Poetry by A. Martine

Trick of the Light

When I was 17 I leaned my forehead against the dirty window of a bus

and made a promise to the going-to-bed-now sun: this time would be the last.

And for many years (3 and a half to be specific) that promise was protected.

I never severed: you see? I don’t always lie, I don’t always say things

just to say things. Water, she harbors her own light. I was made to believe

in something mutable, shapeless, not in the truth. These fictions carry

so much within their sodden folds, they find themselves submerged,

drenched, and I drink and drink and I drink every time. When I was seventeen

I became a teetotaler. When I was seventeen, saw more clearly than probably

ever would again. How many times have I seen it, that other water I partook of

more than once? Wanda Coleman unmasked Saturday Afternoon as the killer.

Mine was always that acerbic Friday Morning, cusp day, when old things

are passing on over, new ones pledged to begin, and I stay rooted

in the hour, straight razor in the hand, deciding, deciding.

How many times have I seen my own blood? Put that bad water down.

Nobody will know that you are gone, not that you reach on back anyway,

not that you look away from madness’ lighthouse enough to make

your screaming self heard. How many times have you seen your own blood?

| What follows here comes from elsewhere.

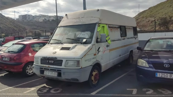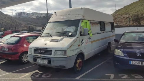 La situación del Iveco es la más sangrante: está oxidada y carcomida por años de salitre, cubierta de parasoles o trapos en los cristales para tener intimidad y tiene un pequeño panel solar en el capó, que le permite disponer de luz en su interior.
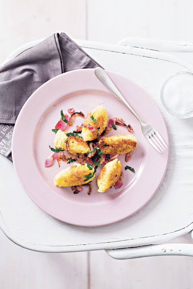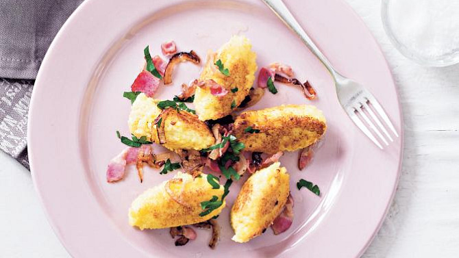 Krok 5: Lžící namáčenou v tuku vykrajujeme z jáhel škubánky a na talíři je přelijeme osmaženou cibulkou.

Reverse-engineered creation with each slit-hacking and sawing?

What happened when you were 17? Why not now? Hark! Here is a child

who thinks she knows everything. Here is a child who has never learned

to count, even when all cards were in her hands, a flush. Been parading

marked skin for years before in-denial eyes, in front of can’t-answer-now

tongues, of ask-again-tomorrow pouts. So this is me asking now,

Richie Tenenbaum over a sink: how many times, how many times now?

I don’t always lie, but I seldom tell the truth at the urgent, vital hour.

There is an explanation in that deciding. Too many questions. I can’t

say it now. Later though, I promise — yes, promise — to tell you.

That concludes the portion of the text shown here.